I could not successfully blackmail either of my mothers. Neither was merciful. All that worked with either of them was me being secretive.

Lila, cleaning up some of the mess with the towel, watches her own clumsiness. I play to myself in the balcony is a remark of hers. She is nosy and yet, this morning, she is dream-stained, quilted or padded or tufted with night heats. Her odor, her dark eyes, the rhythms and manner of movements of her hands gave the child the un-Euclidean turmoil of doubt. Nothing matches from before. She ostentatiously holds her breath, she disgustedly mops at the bed, she throws the towel into an open hamper—its lid is off; it is a woven, basketlike thing—and she takes another towel from the chair seat and wraps me in it. She plays her eyes on me, self-reflexively; she is contemplating the dangers before she lifts me: “Don’t throw up now,” she says.

Her eyelids blink rapidly. This softens her stare, makes her very pretty—greatly pretty. Lila says, getting ready—she is very hesitant—“I can’t let it simmer on my back burners all day. I’m the last of the red-hot mommas. My motto is ‘strike while the iron is hot and get things done.’ I’m the executive type.” She moistens her lips, squints blindly, pushes her hair behind her ears. She stands flat-footed. She sets her breasts with her left hand. Her breasts have a powdery largeness. A constant nervousness is worsened if she has to touch someone. She bends near; her shadow is an imported dusk; her arms are around me; she lifts me, the giant woman, owl-fluffy Momma and her large, owl-soft breasts. And then, over that, the nearness to her is a moonish glare that tugs tidally at my breath and at my mind.

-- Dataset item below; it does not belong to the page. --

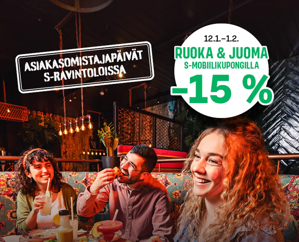 Saat 15 % alennuksen ruoasta ja juomasta näyttämällä S-mobiilin etukuponkia ravintolassa maksaessasi. Yksi etu/henkilö. Koko seurue saa alennuksen, kun kupongin käyttäjä maksaa koko laskun. Alennuksen saa asiakasomistajahinnoista ja take away - tuotteista. Etu ei koske lounasannoksia, yli alc. 22 % alkoholituotteita, Hesburger-ravintoloita tai kotiinkuljetuksia (Foodora). Pizza & Buffa -ravintoloissa etu voimassa klo 15 jälkeen. Ei voi yhdistää muihin etuihin, kuten etukuponkeihin.

“Phew, you stink, pretty baby,” she says.

Her voice is troubled, vaguely storm-lit, spotted with lurid light: she has an innate melodrama.

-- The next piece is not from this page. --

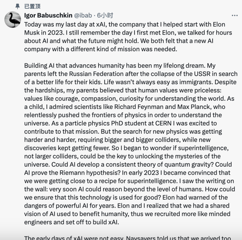 也許答案就在他在X上發佈的“離別感言”中——馬斯克教會了他“始終保持近乎瘋狂的緊迫感”。作為AI頂尖人才,Igor清楚,當下最緊迫的事項就是即將到來的AGI。

She ferries us past the obstreperous transparency of the windows—mostly a curious shine but still knowable as part of the outer, widening morning.

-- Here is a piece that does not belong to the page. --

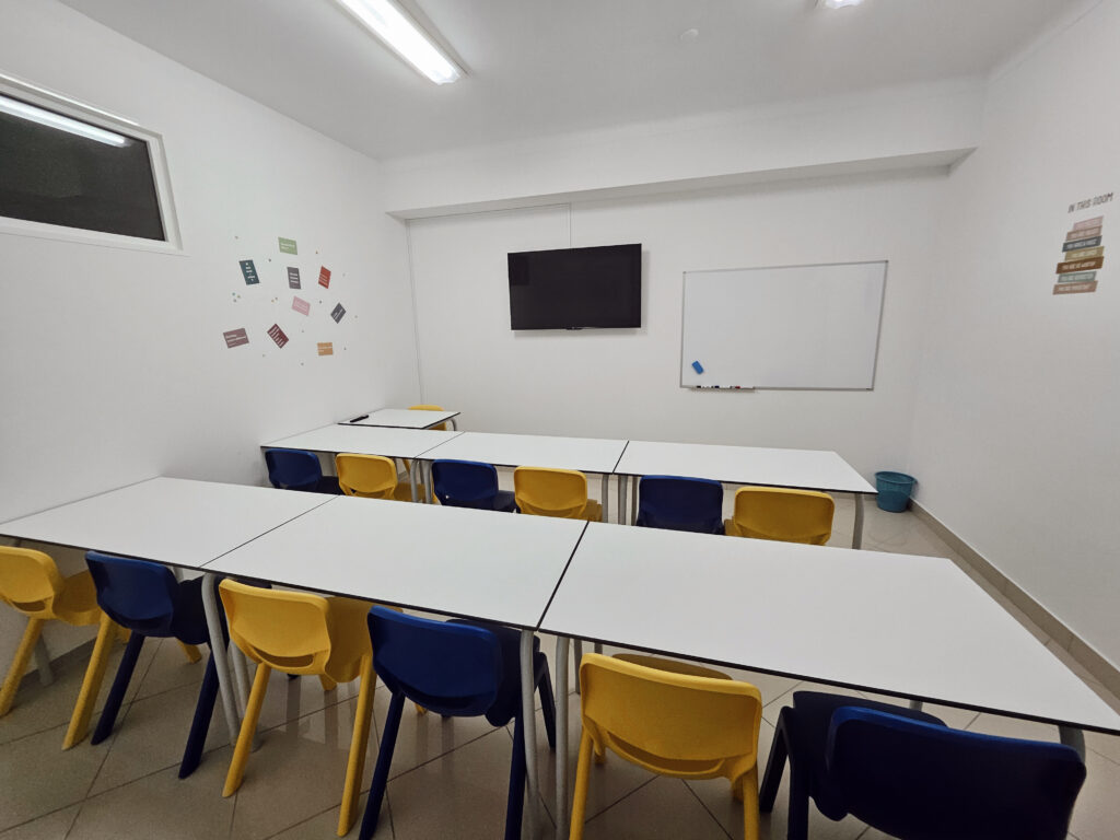 As instalações da Lingua Academy apresentam salas de aula modernas, diversos recursos tecnológicos disponíveis para o/a aluno/a, áreas de estudo e espaços para atividades.

“Well, another day, and you’re still sick, don’t you know it? Don’t you always know it?”

She is sad; she is out of breath; charmingly, conceitedly, she is drudgery-minded. She picks on me: “Hold your head up; don’t let your head do that; straighten it; stop looking like an idiot: I warn you, I’m not good with idiots—once you lose my sympathy, you lose me.… Listen, I’ll tell the world: I’m not a nursemaid; that’s not what I’m good at.” Heavy-fleshed, small-town Lila walks, and I shake with the rhythms of her body. Her movements are interfered with by me—my weight and looseness and indiscipline of posture.

In the bathroom, she sits me lankly on the sink. My feet are in the white basin; she props me with her shoulder and unwraps the outer towel, shifting me, and slipping it out and throwing it on the floor. And then she unpins the other towel, the one that I slept in, the diaper towel: “What a mess: don’t look innocent; you do it, you’re the mess: you’re worse than a horse. You’re lucky you don’t get thrown out with the diaper. You could learn to handle your bowels: it wouldn’t kill you. I hope you’re listening. Cooperation, they say, is the mark of a leader. Don’t make me wear myself out.” Her fingers are clumsy but neat, shy then bold—she has a glidy, pinchy, nervous touch. It is a touch that seemingly can easily be frightened off, like a fly. My eyes have grown flimsy with nerves—an obscure physical crowdedness of sensation in skin and mind.